Dalam pidatonya, Rektor menegaskan bahwa kelulusan bukanlah akhir dari perjuangan, melainkan awal dari perjalanan baru yang lebih besar. Ia menekankan bahwa ilmu yang diperoleh selama di bangku kuliah hanyalah modal awal untuk terus berkembang. “Wisuda bukan garis akhir, tetapi gerbang pembuka bagi kontribusi yang lebih luas di masyarakat. Dengan niat yang lurus dan ibadah kepada Allah SWT, setiap tantangan akan lebih mudah dilalui,” pesannya.

Dia juga menggarisbawahi pentingnya kesiapan lulusan dalam menghadapi tantangan zaman, terutama bagi Generasi Milenial dan Generasi Z yang hidup dalam era yang berbeda dari generasi sebelumnya. Menurutnya, pembelajaran tidak boleh berhenti hanya di ruang kelas atau dalam buku, tetapi juga melalui pengalaman langsung di tengah masyarakat. “Kunci keberhasilan adalah kemampuan beradaptasi dengan perubahan dan kesediaan untuk terus belajar sepanjang hayat,” tambahnya.
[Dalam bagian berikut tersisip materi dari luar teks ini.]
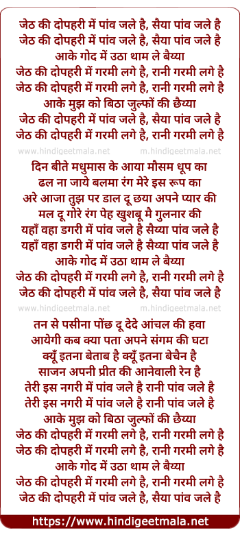 jeth ki dopahari me panv jale hai, saiya panv jale hai

Selain itu, Rektor mengingatkan pentingnya sikap rendah hati dalam menjalani kehidupan dan karier. “Kesombongan tidak memiliki tempat dalam diri seorang pembelajar sejati. Tetaplah tawadhu, terbuka terhadap kritik dan saran, serta selalu mencari ilmu dari berbagai sumber,” tuturnya. Ia juga berpesan kepada para lulusan untuk menjaga nama baik almamater dan tidak ragu kembali ke kampus jika ingin mengenang suasana akademik yang telah membentuk mereka.

Dalam menghadapi dunia kerja, Rektor menekankan pentingnya fleksibilitas dan daya adaptasi terhadap perubahan. “Adaptabilitas bukan hanya kemampuan untuk bertahan, tetapi juga modal untuk tumbuh dan berkembang. Mereka yang mampu berpikir jauh ke depan, mencari solusi dari permasalahan, serta tidak mudah menyalahkan orang lain, akan lebih siap menghadapi dunia kerja yang dinamis,” ujarnya.

Sebagai penutup, beliau mengingatkan bahwa kesuksesan para lulusan tidak terlepas dari dukungan banyak pihak, terutama orang tua yang selalu mendoakan dan mendampingi perjalanan akademik mereka. “Jadilah pribadi yang membawa manfaat bagi umat, seperti mutiara yang bersinar di tengah kehidupan,” tutupnya.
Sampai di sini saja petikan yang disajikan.